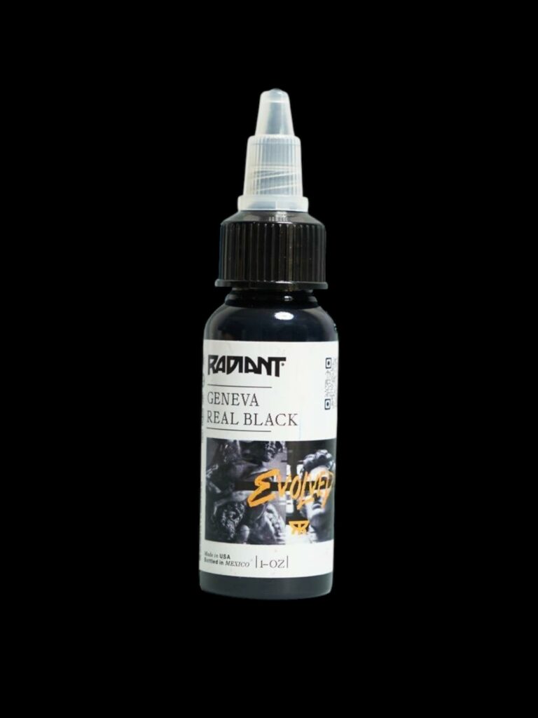 Radiant Evolved Geneva Real Black on mitmekülgne ja tugeva pigmendiga must tätoveerimistint, mis sobib nii täitmiseks kui ka kontuuride tegemiseks. Selle sügav toon ja püsivus muudavad selle ideaalseks valikuks neile, kes otsivad maksimaalset kontrasti ja vastupidavust. Vegan koostis on steriliseeritud ja testitud nahaohutuse tagamiseks.
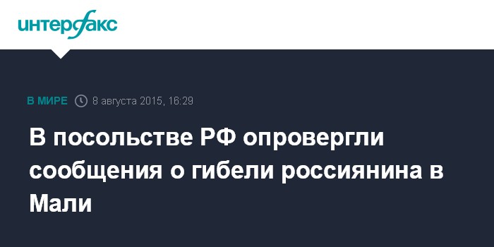 "Мы не подтверждаем эту информацию", - заявил пресс-атташе посольства РФ в Мали Виктор Горелов в телефонном разговоре "Интерфаксу".
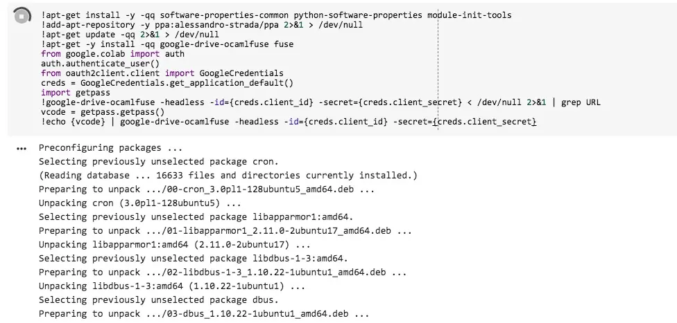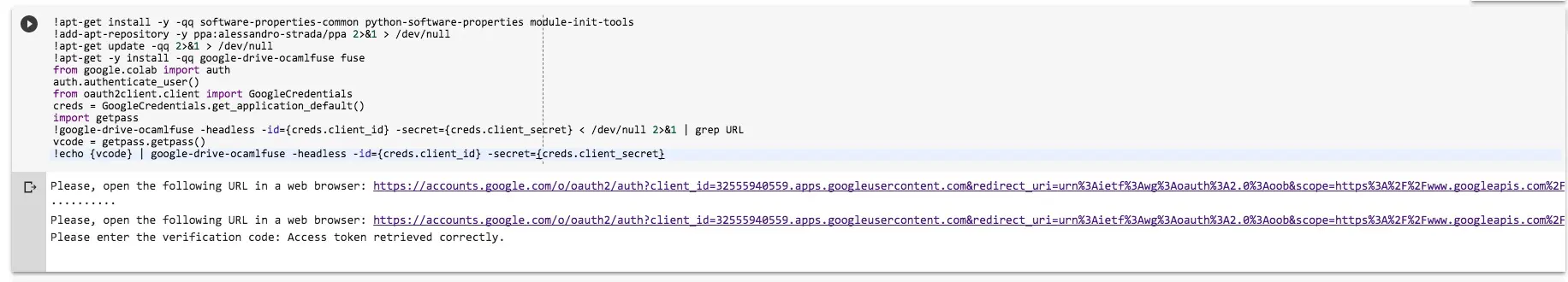 !echo {vcode} | google-drive-ocamlfuse -headless -id={creds.client_id} -secret={creds.client_secret}
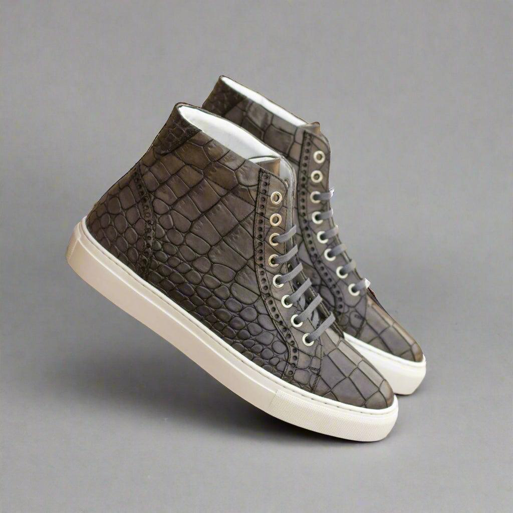 Ambrogio Handmade Men's Shoes Gray Crocodile Print Leather Casual High-Top Sneakers (AMB2234)
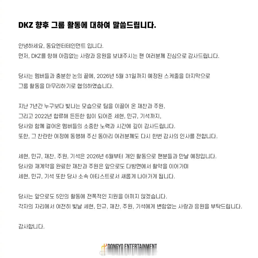 DKZ活动终止朴宰燦组合活动终止 朴宰燦组合DKZ宣布将解散,活动终止:“本公司在与成员们进行充分讨论後,一致同意将2026年5月31日之前预定的行程作为最後,并结束团体活动。”
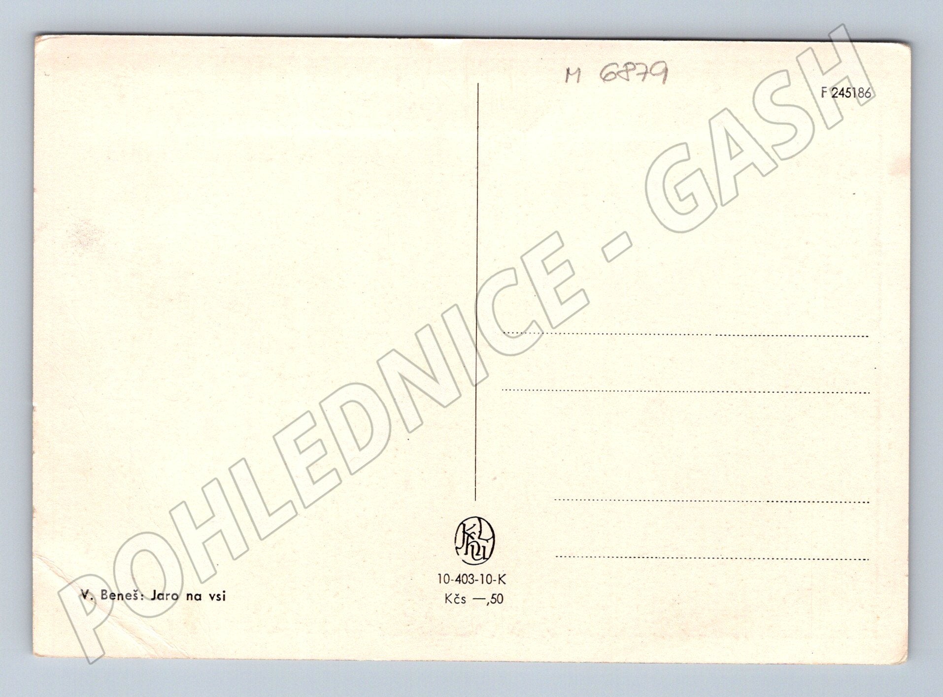 Umělecká pohlednice s reprodukcí díla Jaro na vsi od V. Beneše. Pohlednice zachycuje jarní venkovskou scenérii s domy, stromy a plotem v jemně impresionistickém stylu. Na zadní straně je uveden autor a název díla, pohlednice je neprošlá, bez známky, s vyznačením místa pro adresu a zprávu. Mírné známky stáří, drobný ohyb v rohu. Vhodné pro sběratele uměleckých pohlednic i milovníky českého malířství.

Task details
Would you return the records exactly as written, minus any image?

Response below
 Radiant Evolved Geneva Real Black on mitmekülgne ja tugeva pigmendiga must tätoveerimistint, mis sobib nii täitmiseks kui ka kontuuride tegemiseks. Selle sügav toon ja püsivus muudavad selle ideaalseks valikuks neile, kes otsivad maksimaalset kontrasti ja vastupidavust. Vegan koostis on steriliseeritud ja testitud nahaohutuse tagamiseks.
 "Мы не подтверждаем эту информацию", - заявил пресс-атташе посольства РФ в Мали Виктор Горелов в телефонном разговоре "Интерфаксу".
 !echo {vcode} | google-drive-ocamlfuse -headless -id={creds.client_id} -secret={creds.client_secret}
 Ambrogio Handmade Men's Shoes Gray Crocodile Print Leather Casual High-Top Sneakers (AMB2234)
 DKZ活动终止朴宰燦组合活动终止 朴宰燦组合DKZ宣布将解散,活动终止:“本公司在与成员们进行充分讨论後,一致同意将2026年5月31日之前预定的行程作为最後,并结束团体活动。”
 Umělecká pohlednice s reprodukcí díla Jaro na vsi od V. Beneše. Pohlednice zachycuje jarní venkovskou scenérii s domy, stromy a plotem v jemně impresionistickém stylu. Na zadní straně je uveden autor a název díla, pohlednice je neprošlá, bez známky, s vyznačením místa pro adresu a zprávu. Mírné známky stáří, drobný ohyb v rohu. Vhodné pro sběratele uměleckých pohlednic i milovníky českého malířství.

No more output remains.